▶ [Provided records]:
━━━━━━━━━━━━━━━━━━━━

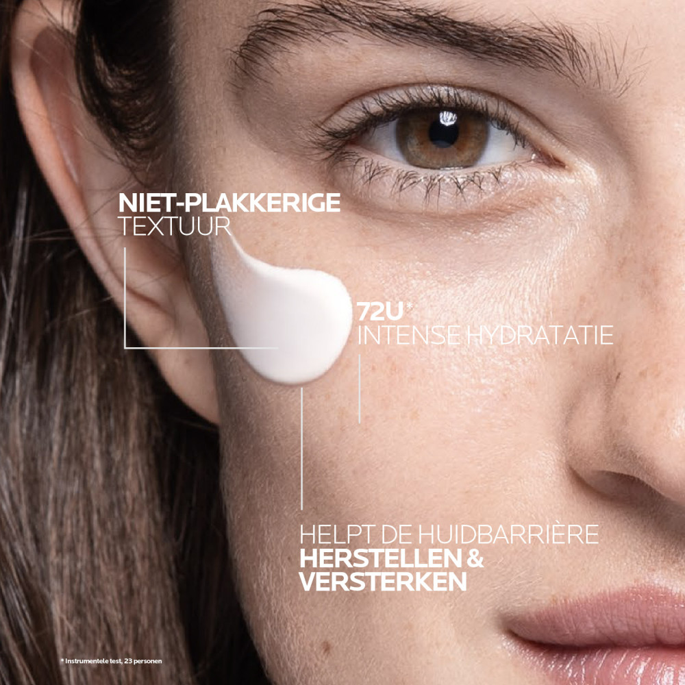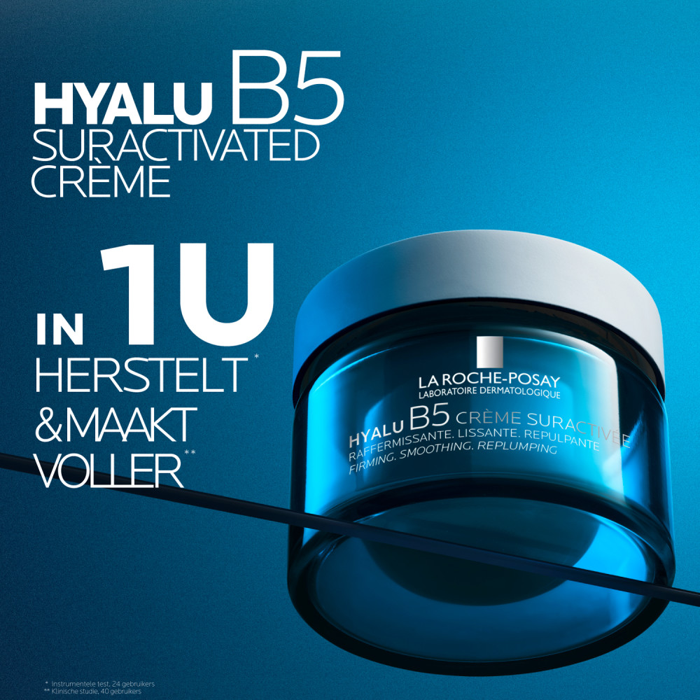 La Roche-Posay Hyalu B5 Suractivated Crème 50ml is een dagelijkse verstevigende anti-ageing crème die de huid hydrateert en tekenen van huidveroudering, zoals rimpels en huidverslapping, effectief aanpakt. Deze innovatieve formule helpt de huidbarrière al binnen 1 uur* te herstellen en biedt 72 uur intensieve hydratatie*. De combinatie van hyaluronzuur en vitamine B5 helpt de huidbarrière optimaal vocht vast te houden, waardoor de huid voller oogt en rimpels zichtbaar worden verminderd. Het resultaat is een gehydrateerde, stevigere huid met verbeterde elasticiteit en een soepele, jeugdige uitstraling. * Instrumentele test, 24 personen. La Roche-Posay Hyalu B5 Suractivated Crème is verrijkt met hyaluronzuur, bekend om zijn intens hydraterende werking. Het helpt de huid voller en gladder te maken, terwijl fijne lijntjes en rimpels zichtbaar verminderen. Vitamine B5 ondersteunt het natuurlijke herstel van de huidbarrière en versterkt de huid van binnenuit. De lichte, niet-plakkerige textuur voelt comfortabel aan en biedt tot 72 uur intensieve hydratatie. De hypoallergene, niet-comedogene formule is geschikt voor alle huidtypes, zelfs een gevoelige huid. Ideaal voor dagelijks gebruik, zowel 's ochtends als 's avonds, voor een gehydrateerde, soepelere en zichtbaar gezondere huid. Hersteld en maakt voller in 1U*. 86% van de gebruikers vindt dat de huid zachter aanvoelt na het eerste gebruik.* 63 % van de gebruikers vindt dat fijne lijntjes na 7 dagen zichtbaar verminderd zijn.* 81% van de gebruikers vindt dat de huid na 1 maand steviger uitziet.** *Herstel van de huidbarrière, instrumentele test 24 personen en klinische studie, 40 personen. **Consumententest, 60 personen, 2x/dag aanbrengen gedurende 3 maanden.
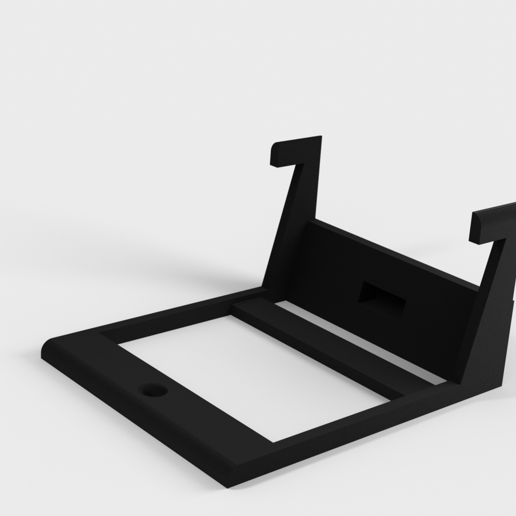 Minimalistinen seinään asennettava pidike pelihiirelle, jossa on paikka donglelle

━━━━━━━━━━━━━━━━━━━━

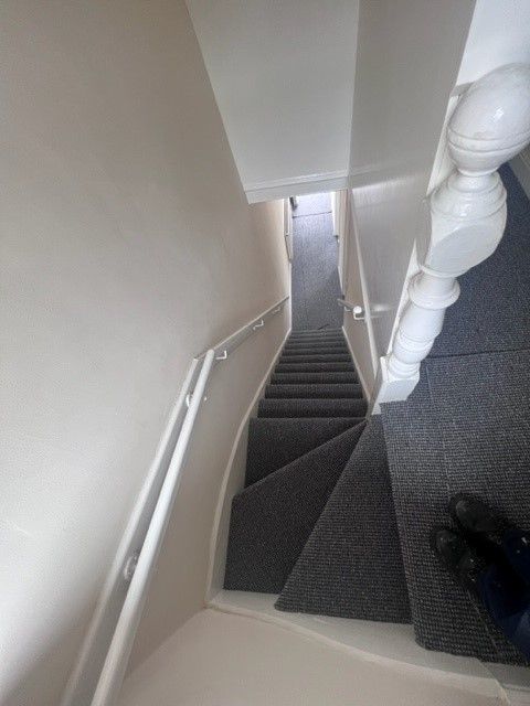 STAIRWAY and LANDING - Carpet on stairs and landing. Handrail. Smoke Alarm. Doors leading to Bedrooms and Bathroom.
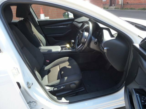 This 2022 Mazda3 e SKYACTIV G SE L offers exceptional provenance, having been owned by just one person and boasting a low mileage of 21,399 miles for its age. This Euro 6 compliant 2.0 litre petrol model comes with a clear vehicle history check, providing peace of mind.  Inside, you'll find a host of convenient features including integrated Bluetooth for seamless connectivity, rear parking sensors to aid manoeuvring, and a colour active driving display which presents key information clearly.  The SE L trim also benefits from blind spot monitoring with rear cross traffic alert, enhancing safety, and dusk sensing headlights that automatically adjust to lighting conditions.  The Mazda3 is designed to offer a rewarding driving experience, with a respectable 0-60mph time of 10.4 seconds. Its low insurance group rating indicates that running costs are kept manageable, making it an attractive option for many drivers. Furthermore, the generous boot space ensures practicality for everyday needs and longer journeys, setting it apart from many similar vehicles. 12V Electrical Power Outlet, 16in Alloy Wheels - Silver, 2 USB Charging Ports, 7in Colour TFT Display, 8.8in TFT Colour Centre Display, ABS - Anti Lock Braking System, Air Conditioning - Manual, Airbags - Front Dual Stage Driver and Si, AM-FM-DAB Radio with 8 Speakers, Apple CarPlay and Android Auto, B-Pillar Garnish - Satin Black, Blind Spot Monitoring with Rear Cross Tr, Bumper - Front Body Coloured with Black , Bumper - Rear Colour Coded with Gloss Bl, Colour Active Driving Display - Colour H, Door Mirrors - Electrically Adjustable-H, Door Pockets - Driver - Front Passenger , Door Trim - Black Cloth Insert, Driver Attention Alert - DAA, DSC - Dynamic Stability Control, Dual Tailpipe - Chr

━━━━━━━━━━━━━━━━━━━━

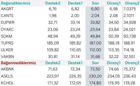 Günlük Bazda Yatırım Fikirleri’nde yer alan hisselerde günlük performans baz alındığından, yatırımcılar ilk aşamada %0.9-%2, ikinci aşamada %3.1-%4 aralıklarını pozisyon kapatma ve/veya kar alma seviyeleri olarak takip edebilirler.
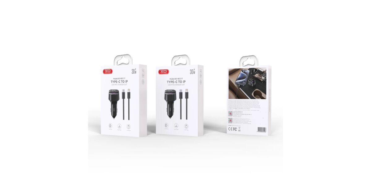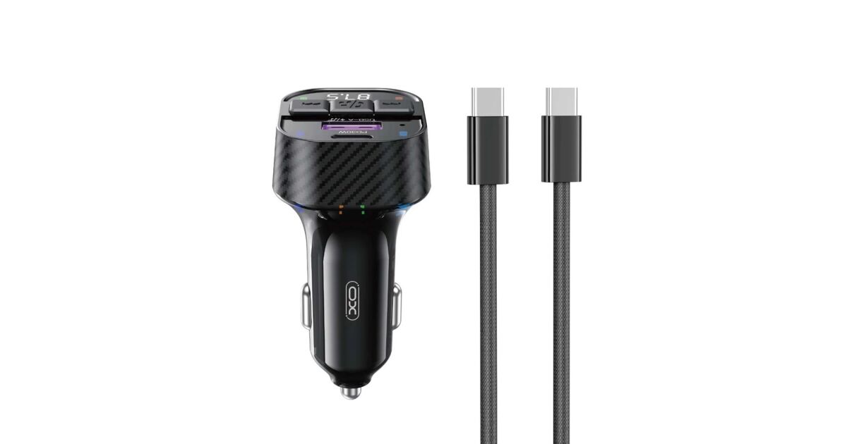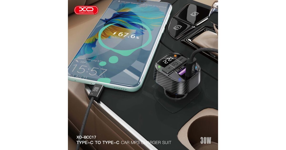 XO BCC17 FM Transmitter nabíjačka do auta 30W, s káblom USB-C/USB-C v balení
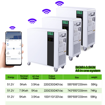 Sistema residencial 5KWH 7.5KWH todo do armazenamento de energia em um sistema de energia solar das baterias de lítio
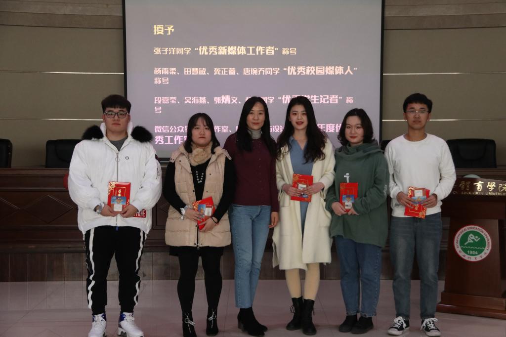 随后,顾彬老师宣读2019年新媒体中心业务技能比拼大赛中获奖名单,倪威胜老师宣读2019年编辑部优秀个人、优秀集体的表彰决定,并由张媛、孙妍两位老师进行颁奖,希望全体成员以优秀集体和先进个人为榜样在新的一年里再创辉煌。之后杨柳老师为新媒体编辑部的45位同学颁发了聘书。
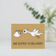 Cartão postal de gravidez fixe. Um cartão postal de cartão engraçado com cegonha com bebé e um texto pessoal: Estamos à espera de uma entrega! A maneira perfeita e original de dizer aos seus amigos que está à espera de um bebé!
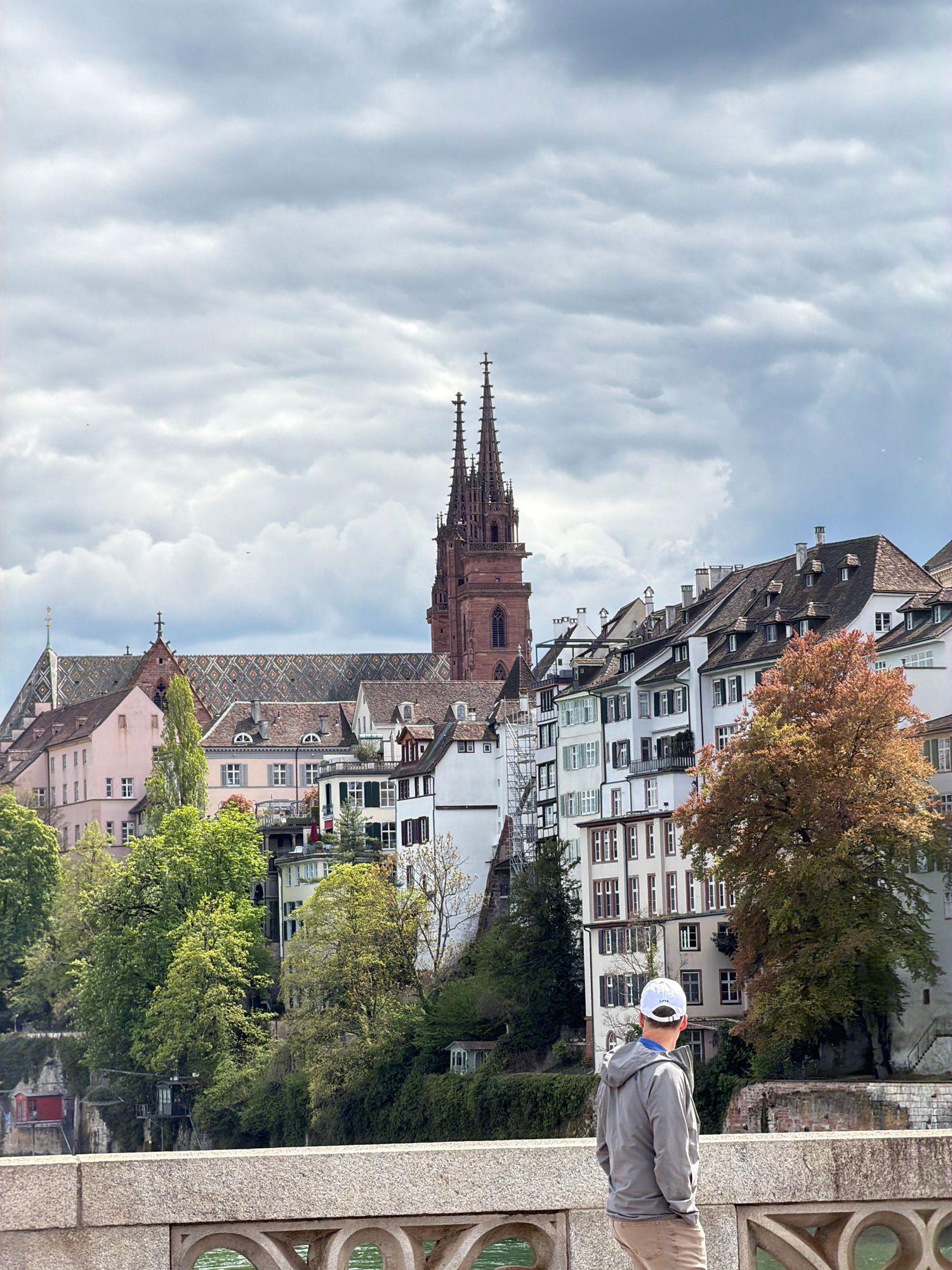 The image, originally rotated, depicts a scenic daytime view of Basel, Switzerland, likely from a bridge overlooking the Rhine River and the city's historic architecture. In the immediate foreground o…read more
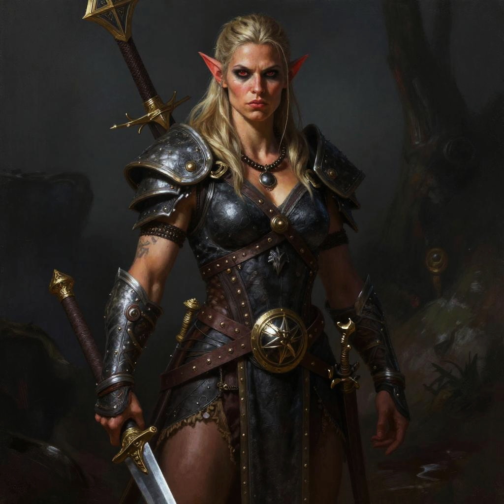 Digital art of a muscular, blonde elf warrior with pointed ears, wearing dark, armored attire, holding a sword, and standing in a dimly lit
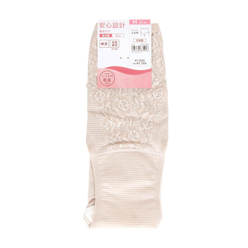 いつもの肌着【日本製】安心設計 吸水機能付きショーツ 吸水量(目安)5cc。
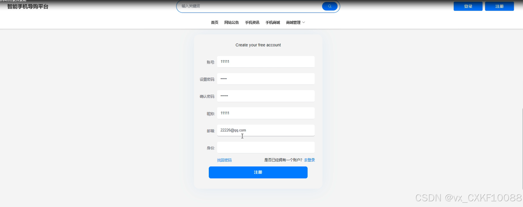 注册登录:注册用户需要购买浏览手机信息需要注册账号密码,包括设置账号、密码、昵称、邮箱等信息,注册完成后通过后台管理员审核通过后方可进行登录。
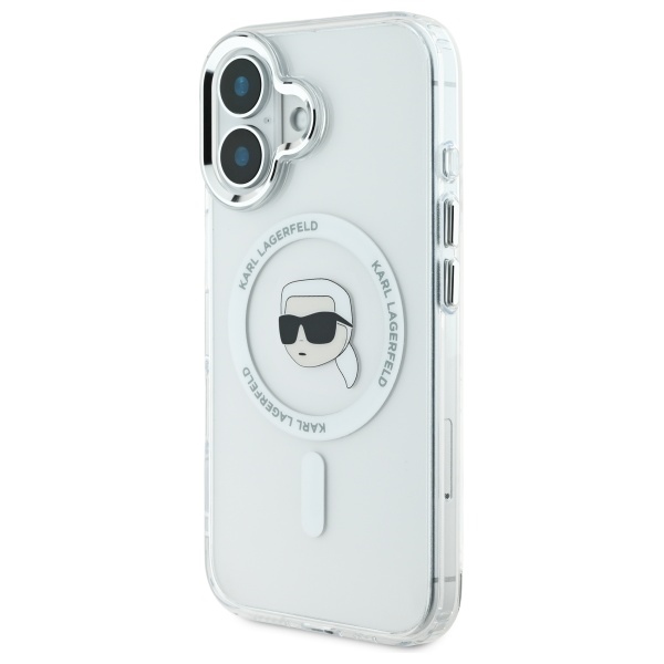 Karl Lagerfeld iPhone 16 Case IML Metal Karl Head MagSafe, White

━━━━━━━━━━━━━━━━━━━━

▶ [Directions for this task]: Transcribe the listing above exactly, but only from the line with "随后,顾彬老师宣读2019年" through the line with "The image, originally". Include both of those lines and omit the pictures.

▶ [Solution]:
 随后,顾彬老师宣读2019年新媒体中心业务技能比拼大赛中获奖名单,倪威胜老师宣读2019年编辑部优秀个人、优秀集体的表彰决定,并由张媛、孙妍两位老师进行颁奖,希望全体成员以优秀集体和先进个人为榜样在新的一年里再创辉煌。之后杨柳老师为新媒体编辑部的45位同学颁发了聘书。
 Cartão postal de gravidez fixe. Um cartão postal de cartão engraçado com cegonha com bebé e um texto pessoal: Estamos à espera de uma entrega! A maneira perfeita e original de dizer aos seus amigos que está à espera de um bebé!
 The image, originally rotated, depicts a scenic daytime view of Basel, Switzerland, likely from a bridge overlooking the Rhine River and the city's historic architecture. In the immediate foreground o…read more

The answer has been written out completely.